For instance, fast metabolism means that the CYP3A4 enzyme breaks down (and eliminates) CBD and other drugs much faster you’re your system. The fast elimination process can lead to reduced drug efficacy. And since you’re not experiencing the desired therapeutic benefits, you may be tempted to up your doses far beyond the recommended serving amounts. Eventually, your body could tolerate CBD or other prescription medications.
On the flip side, the slow metabolism of CBD and prescription drugs can build up these substances in your system. Therefore, even small serving amounts could easily translate into an overdose.
But perhaps the biggest risk of pairing cannabidiol oil with prescription drugs is the associated side effects. Nearly all conventional medications have the potential for inducing adverse reactions. CBD oil isn’t safe, as an overdose can cause negative symptoms like drowsiness, nausea, and dry mouth. Long-term exposure to the compound is linked to liver damage. Therefore, consuming CBD with prescription drugs only doubles the risks of adverse effects.
What Medications Does CBD Oil Interact Most Adversely With?
There’s a plethora of medications that cannabidiol oil can interact adversely with. Notable ones include;
- Antidepressants like citalopram (Celexa) and escitalopram (Lexapro)
- Antihistamines like brompheniramine (Dimetane) and cetirizine (Zyrtec)
- Antipsychotics like risperidone (Risperdal) and quetiapine (Seroquel),
- Opioids like morphine and codeine
- Blood thinning drugs like warfarin
- Thyroid drugs like levothyroxine
- Certain diabetes medications like metformin
- Certain heartburn medications like Prilosec
- Certain antiseizure medications, such as clobazam and lamotrigine
- Other stimulants like Adderall
In addition to prescription medications, adverse effects may worsen if using cannabidiol oil in conjunction with certain herbal extracts. Common herbs that interact adversely with CBD oil include kava, St. John’s wort, and melatonin.
Does CBD Oil Always Interact Negatively With Prescription Drugs?
Absolutely not. It’s undeniably true that most interactions between cannabidiol oil and prescription medications are negative. However, there are several instances where CBD oil may interact with prescription drugs to offer compounded healing benefits.

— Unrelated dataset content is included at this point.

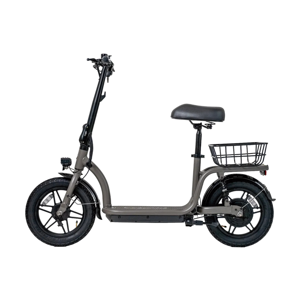 Relájate con el Flex Voyager con asiento. Este cómodo patinete combina la potencia de un patinete eléctrico con la facilidad de una bicicleta para disfrutar de tus viajes en todo momento. Su asiento acolchado, sus grandes neumáticos de aire y su suspensión trasera garantizan una conducción suave incluso en terrenos difíciles. Además, sus prácticas funciones, como la pantalla digital de la batería y la cesta de almacenamiento trasera, te ayudan a disfrutar al máximo de cada viaje.

For instance, the drug Marinol has become exceedingly popular in oncology centers for its ability to treat chemotherapy-induced nausea. The medicine combines CBD and tetrahydrocannabinol (THC), and existing research shows that it works effectively with most cancer medications. Other CBD-based drugs, such as Sativex for treating multiple sclerosis and Epidiolex for treating seizures, have also demonstrated better promise when used alongside other medicines.
Cannabidiol oil may be effective at treating numerous medical ailments. However, the compound works best when used as a standalone drug instead of being paired with other prescription meds. The safest way to use CBD oil alongside other drugs and supplements is to apply CBD-enriched topicals externally or consume the substance via aromatherapy.